Film firsts from Lake County
Inventor and filmmaker Edward Amet in his back yard in 1898 with the backdrop for “The Battle of Santiago Bay.”
‘Hollywood on the
Prairie’
Highland Park Public Library, 494 Laurel Ave., Highland Park
10:30 a.m. Aug. 15
Admission is free
Call (847) 432-1573 or visit www.hplibrary.org
Article Extras
Updated: August 8, 2012 4:04PM
A few years before the turn of the last century, before the film industry took root in Hollywood, Lake County was the setting for some key developments in movie history.
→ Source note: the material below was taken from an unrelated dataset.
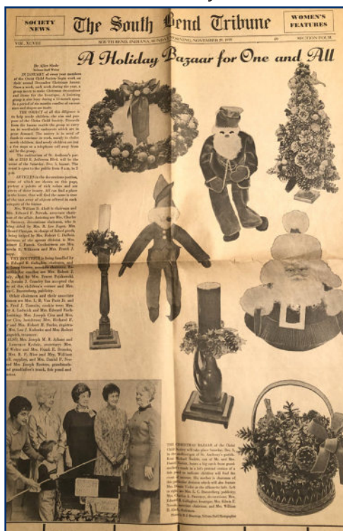
CCS Bazaars were frequent features in the South Bend Tribune.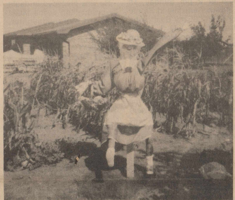
The "Harvest Lady" waves to passers-by while watching over the Campbell's garden in Bronte.

Ken and Katie Campbell of Bronte and their daughter, Roxie Belew, of Big Spring made and fashioned the waving lady with the harvest basket on her arm last week and placed it in the garden and orchard.

It’s possible that the concept of movie projection was born here (the first practical 35mm projector certainly was). Also, filmmaking as a crowd-pleasing art form took several steps forward with early innovations in special effects and the creation of Essanay Film Manufacturing Company, a Chicago production company that promoted cowboy star Bronco Billy Anderson and Charlie Chaplin.
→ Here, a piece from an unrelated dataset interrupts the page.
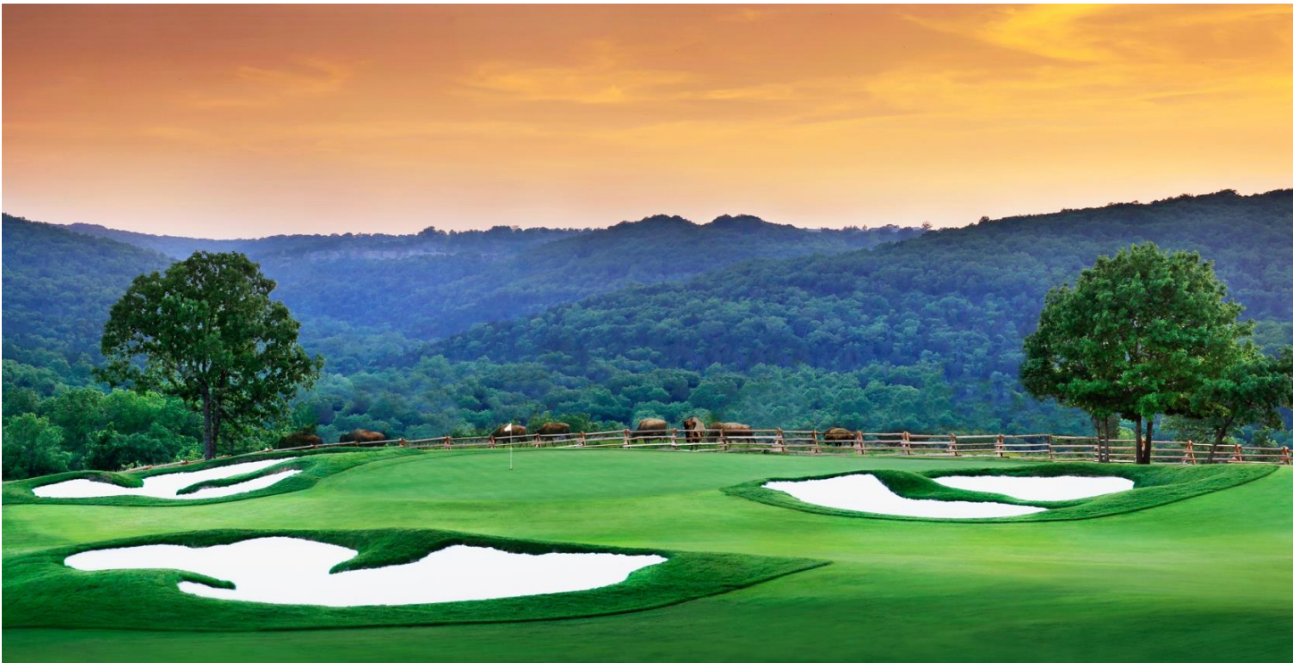
Buffalo Ridge by Tom Fazio

All this and more will be discussed when Lake County Discovery Museum historian Diana Dretske presents “Hollywood on the Prairie” Aug. 15 at the Highland Park library.
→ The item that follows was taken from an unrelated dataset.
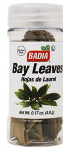
BAY LEAVES WHOLE - 80208 8/0.17 OZ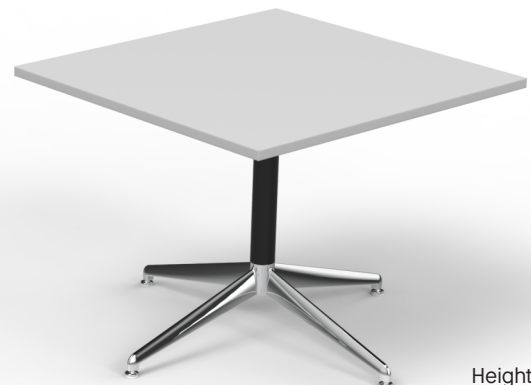
Square Fixed with Glides

Height: 720mm Length: 1500 - 1800mm Width: 650 - 780mm

After Thomas Edison unveiled his Kinetoscope in 1891 there was an immediate reaction around the country — and the world — by entrepreneurs who saw exciting possibilities in the machine that made it possible to watch lifelike moving pictures.
One of them was Edward Amet of Waukegan, an electrical engineer and prolific inventor who saw Edison’s Kinetoscope and films at the 1893 Chicago World’s Fair.
“Unlike Edison, who thought moving pictures was just something kids would enjoy, a lot of other inventors wanted to pursue it further and Amet was one of those,” Dretske said. “The difference is that Amet thought of projecting the films, while only one person at a time could see Edison’s films.”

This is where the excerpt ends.